Palur is a small village in Chengalpattu district in India. Suburban trains running between Chennai Beach - Chengalpattu - Tirumalpur section and Chengalpattu - Arakkonam section will stop here at Palur railway station. A Sivan Koil is located in this small village and this temple is known as Tirukaleeswarar temple.

IRCTC (Indian Railways) had setup packaged drinking water plant named Railneer at Palur.  Water bottles of Railneer (Palur) is sold in major railway stations and trains of southern railways.
It connects Industrial area of Oragadam - Sriperumbudur where MSME industries operate and Nissan, Royal Enfield, Apollo Tyers, etc.

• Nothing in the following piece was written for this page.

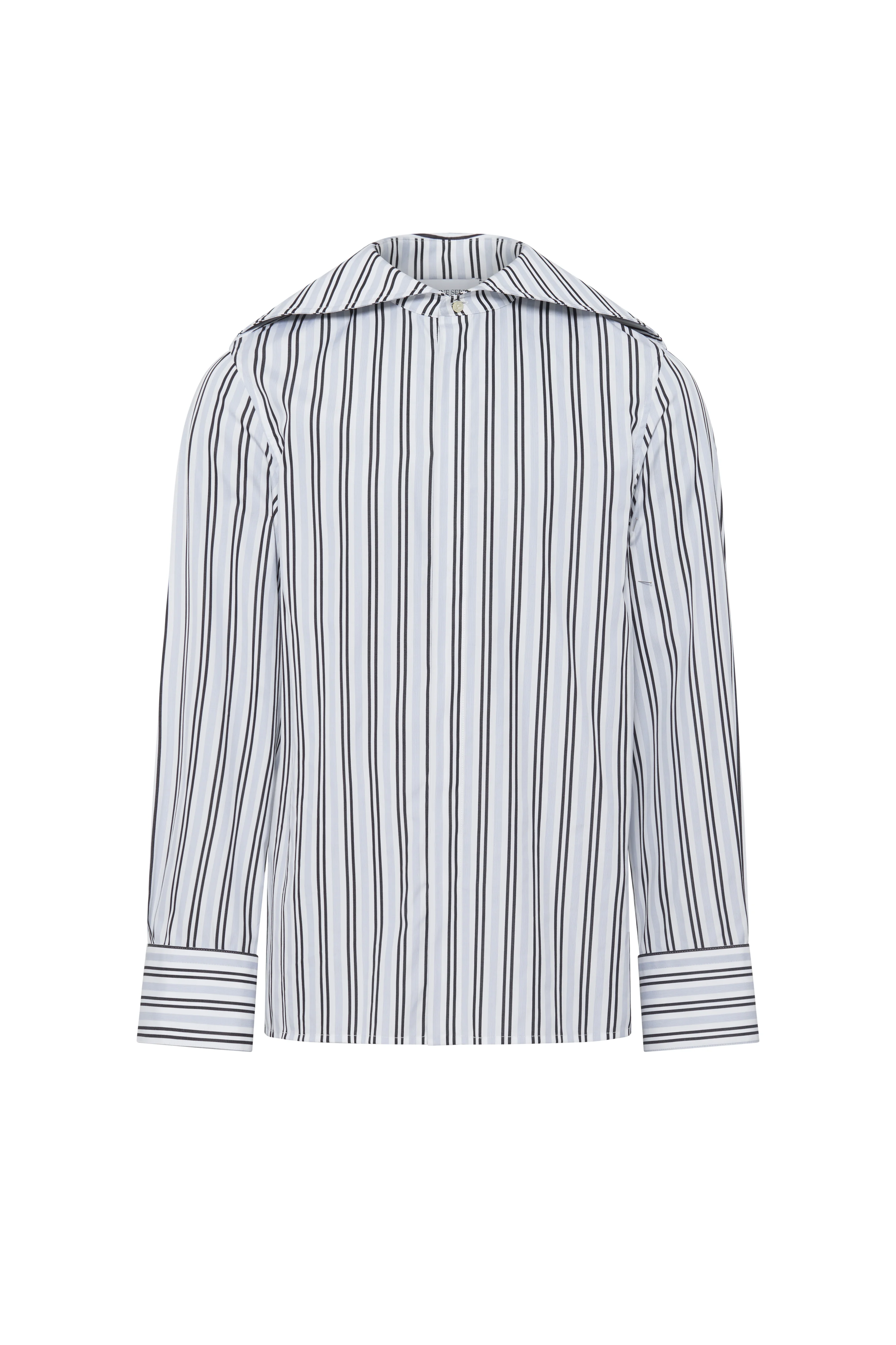 - Hidden buttons - Set-in sleeve - Double button cuffs - Woven logo label Materials Regenerated Striped Poplin The well-established Regenerated Household Linen line takes everyday staples like sheets, tablecloths, place mats and pillowcases and offers them an extraordinary new life. White embroidered garments showcase a fast-fading artisanal technique, saving these source materials from oblivion and transforming them into transcendent new pieces that are soft, sensual and delicate, from blouses and bustier dresses to unisex items like coats and shirts. The embroidery is always strategically positioned to highlight the beauty of this rare technique. 100% Cotton

Palur railway station code is "PALR".

Chengalpattu to Palur Train Schedule
CGL   PALR  Train No.  Train Name

08:20  08:32  156SR     Chengalpattu-Arakkonam passenger

08:35  08:57   BTL1      Chengalpattu–Tirumalpur EMU

18:15  18:31  196SR     Pondicherry–Tirupati passenger

19:20  19:35   BTL3      Chengalpattu–Tirumalpur EMU

20:20  20:30  152SR     Chengalpattu–Arakkonam passenger

20:45  21:07   BTL5      Chengalpattu–Tirumalpur EMU

Palur to Chengalpattu Train Schedule

PALR   CGL   Train No.  Train Name

05:55    06:15  TLB2         Tirumalpur–Chengalpattu EMU

06:51    07:15  151SR       Arakkonam–Chengalpattu Passenger

07:42    07:55  TLB4         Tirumalpur–Chengalpattu EMU

08:51    09:13  195SC       Tirupati–Pondicherry Passenger

10:50    11:10  TLB6         Tirumalpur–Chengalpattu

18:31    19:10  TLB6         Arakkonam-Chengalpattu Passenger

For updated train timings please refer http://www.srailway.com/sutt/cgl-tmpl-cgl.php

Indian Railway Catering and Tourism Corporation (IRCTC) is planning to set up its mineral water manufacturing plant (which is called as Rail Neer plant) at Palur.